Reproduce nothing beyond the line containing "2. Если вы хотите". From the first line of the data below down to it, copy each line exactly, without the pictures.

(Data records)
--- START ---
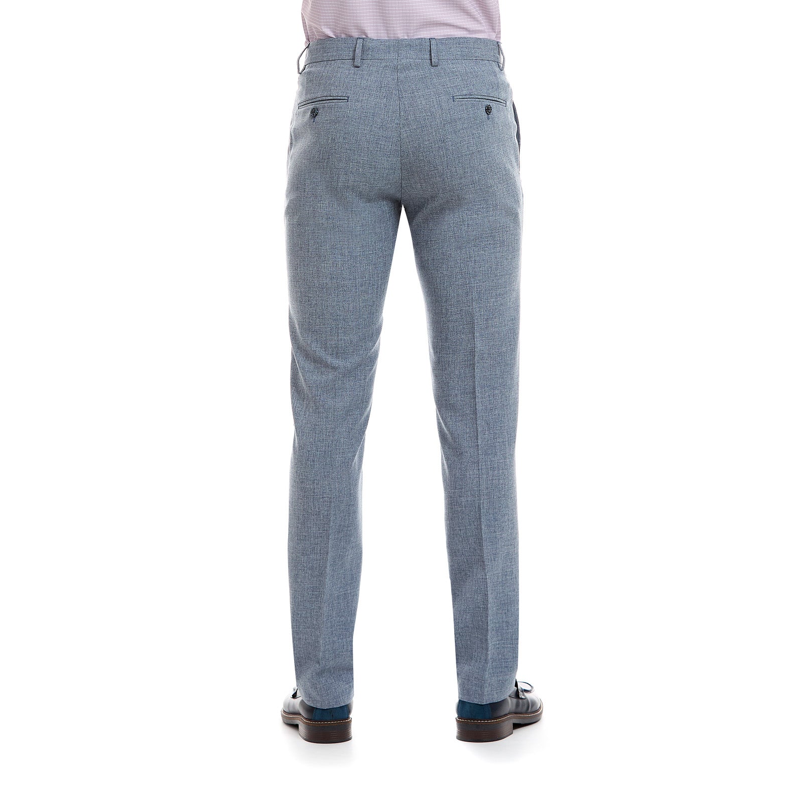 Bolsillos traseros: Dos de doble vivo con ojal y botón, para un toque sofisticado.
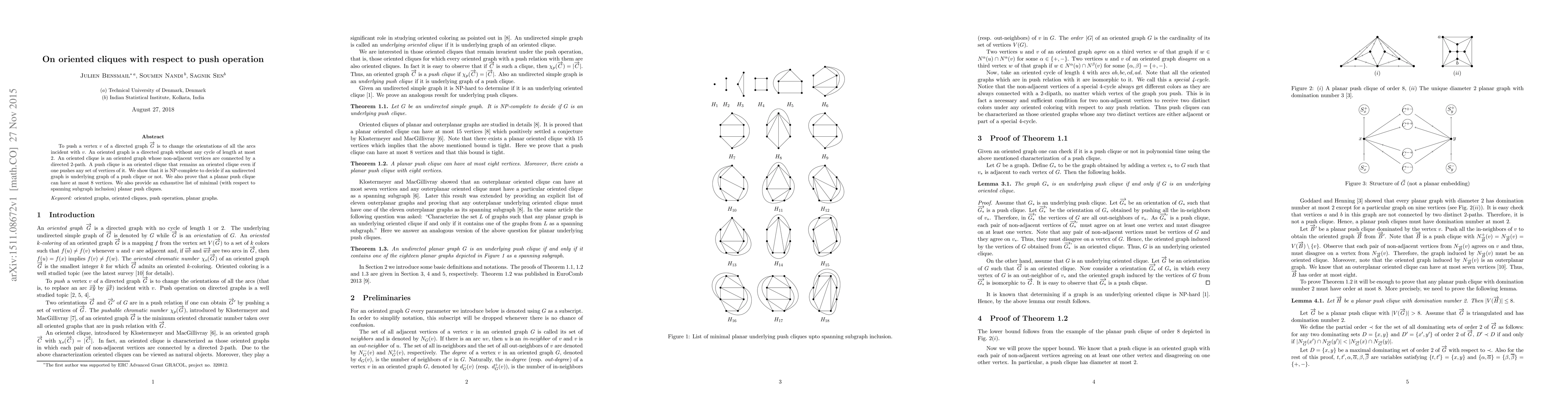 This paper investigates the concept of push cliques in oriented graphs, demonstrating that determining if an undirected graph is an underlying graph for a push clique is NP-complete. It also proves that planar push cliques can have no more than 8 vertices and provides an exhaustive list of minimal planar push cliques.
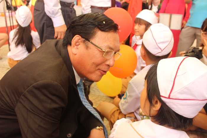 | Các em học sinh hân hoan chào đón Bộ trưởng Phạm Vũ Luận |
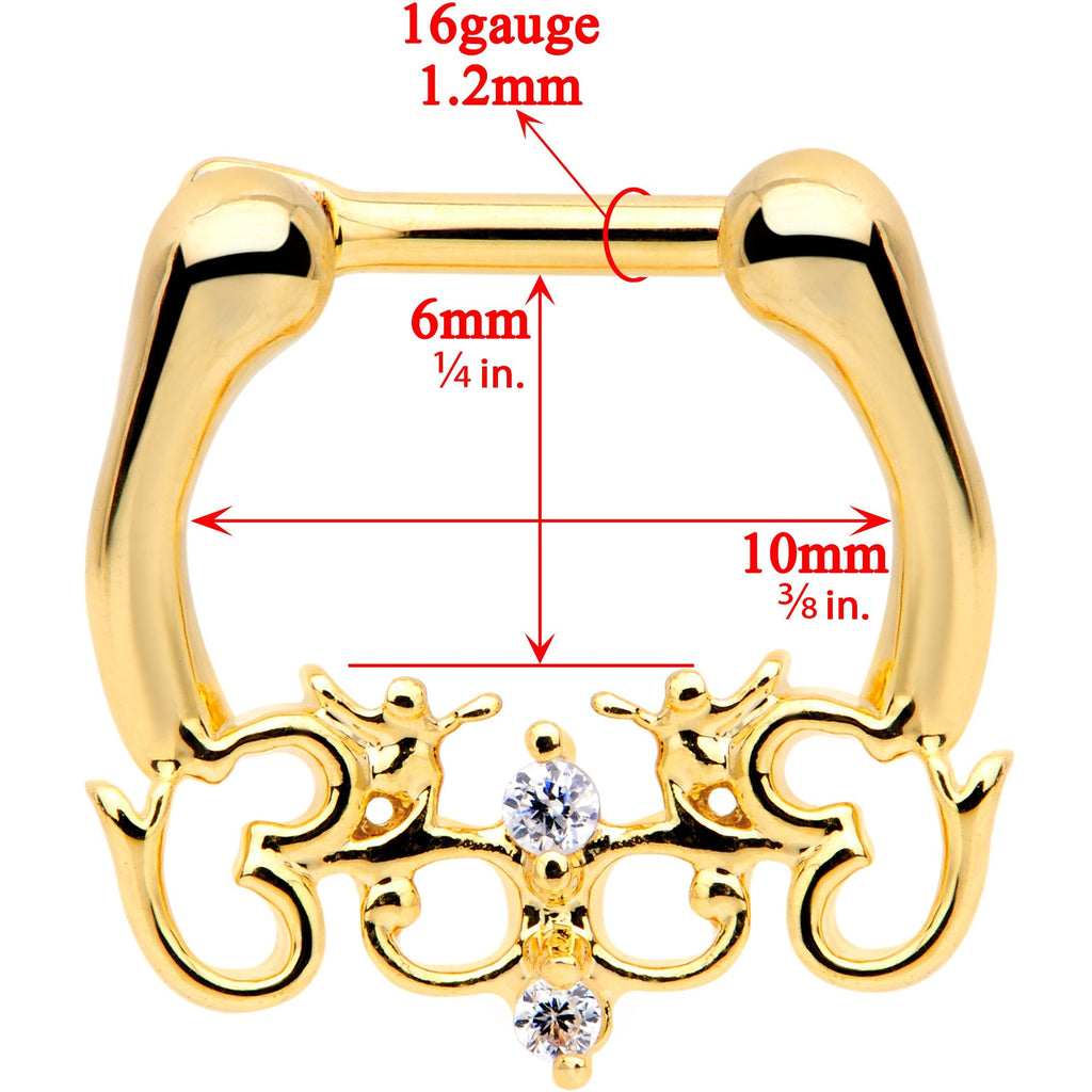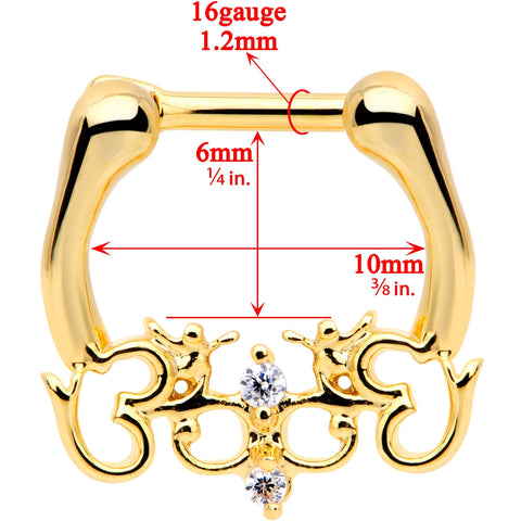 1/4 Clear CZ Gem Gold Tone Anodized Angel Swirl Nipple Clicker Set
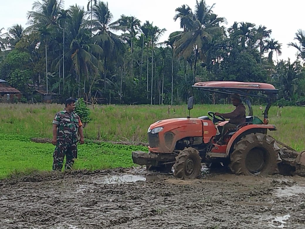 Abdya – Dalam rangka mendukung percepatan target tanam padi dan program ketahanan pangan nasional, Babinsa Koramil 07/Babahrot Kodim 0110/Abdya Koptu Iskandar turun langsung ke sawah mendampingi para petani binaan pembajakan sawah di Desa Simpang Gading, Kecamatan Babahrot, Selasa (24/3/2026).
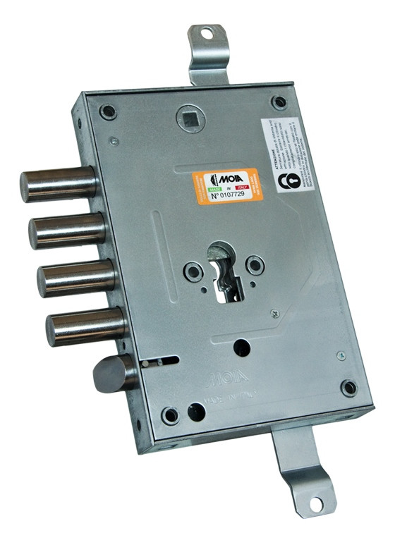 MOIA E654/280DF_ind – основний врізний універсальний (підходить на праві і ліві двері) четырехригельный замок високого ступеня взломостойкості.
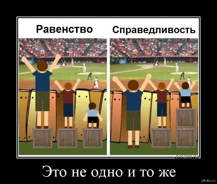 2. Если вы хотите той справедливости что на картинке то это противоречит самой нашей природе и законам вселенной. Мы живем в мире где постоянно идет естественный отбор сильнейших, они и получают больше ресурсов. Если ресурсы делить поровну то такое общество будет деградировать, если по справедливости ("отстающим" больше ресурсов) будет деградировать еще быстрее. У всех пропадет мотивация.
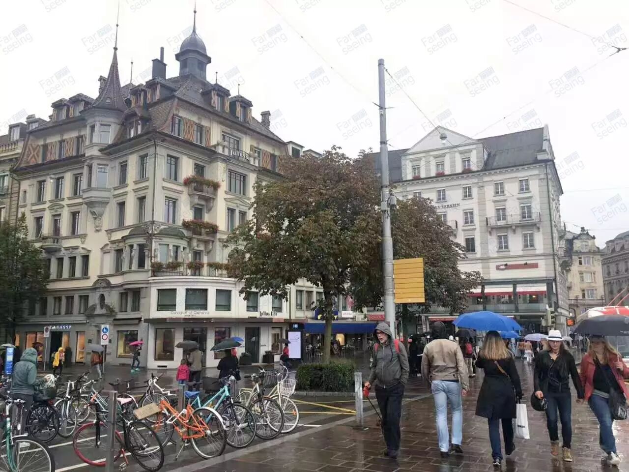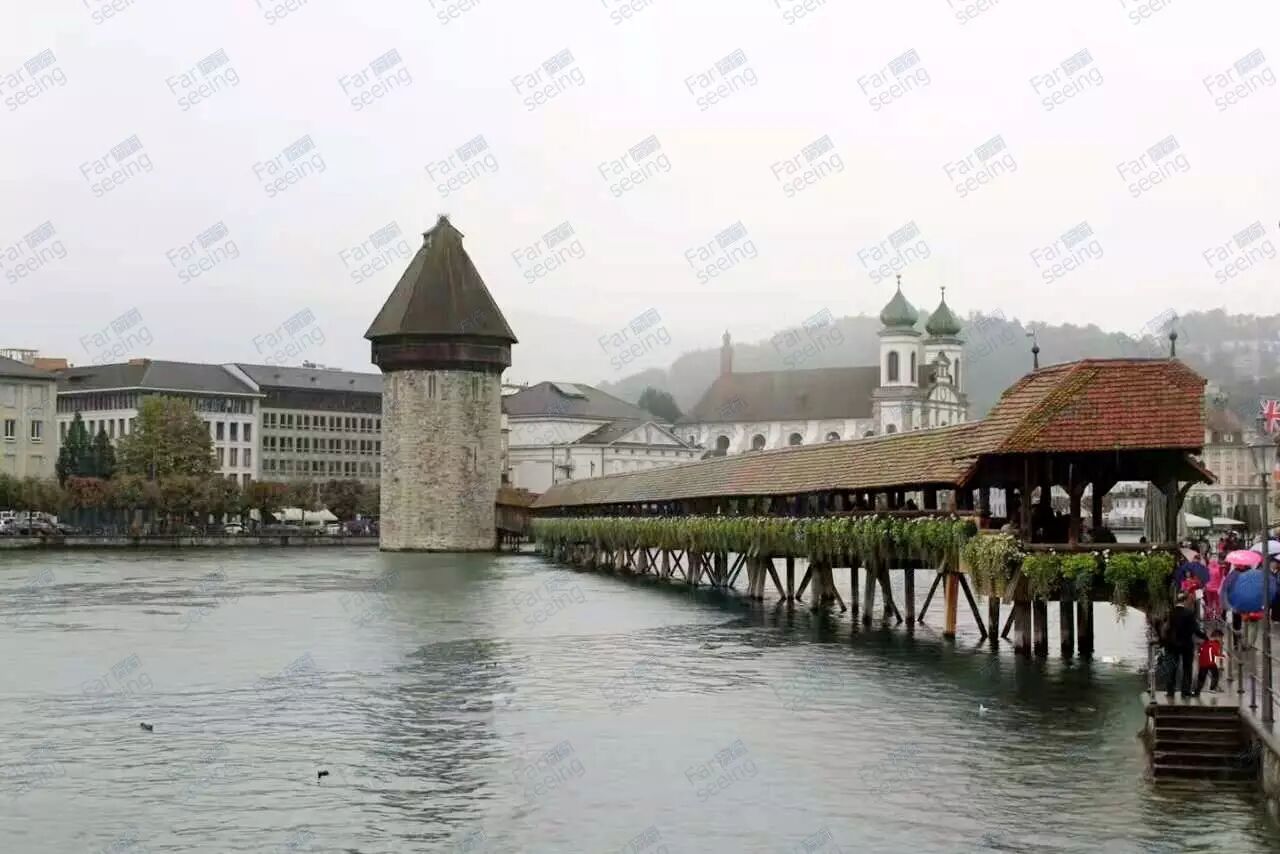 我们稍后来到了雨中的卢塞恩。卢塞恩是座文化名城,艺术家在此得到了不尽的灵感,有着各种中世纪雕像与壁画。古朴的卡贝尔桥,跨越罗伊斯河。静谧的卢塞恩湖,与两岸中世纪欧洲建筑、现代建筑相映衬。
--- END ---
RESPONSE =>
 Bolsillos traseros: Dos de doble vivo con ojal y botón, para un toque sofisticado.
 This paper investigates the concept of push cliques in oriented graphs, demonstrating that determining if an undirected graph is an underlying graph for a push clique is NP-complete. It also proves that planar push cliques can have no more than 8 vertices and provides an exhaustive list of minimal planar push cliques.
 | Các em học sinh hân hoan chào đón Bộ trưởng Phạm Vũ Luận |
 1/4 Clear CZ Gem Gold Tone Anodized Angel Swirl Nipple Clicker Set
 Abdya – Dalam rangka mendukung percepatan target tanam padi dan program ketahanan pangan nasional, Babinsa Koramil 07/Babahrot Kodim 0110/Abdya Koptu Iskandar turun langsung ke sawah mendampingi para petani binaan pembajakan sawah di Desa Simpang Gading, Kecamatan Babahrot, Selasa (24/3/2026).
 MOIA E654/280DF_ind – основний врізний універсальний (підходить на праві і ліві двері) четырехригельный замок високого ступеня взломостойкості.
 2. Если вы хотите той справедливости что на картинке то это противоречит самой нашей природе и законам вселенной. Мы живем в мире где постоянно идет естественный отбор сильнейших, они и получают больше ресурсов. Если ресурсы делить поровну то такое общество будет деградировать, если по справедливости ("отстающим" больше ресурсов) будет деградировать еще быстрее. У всех пропадет мотивация.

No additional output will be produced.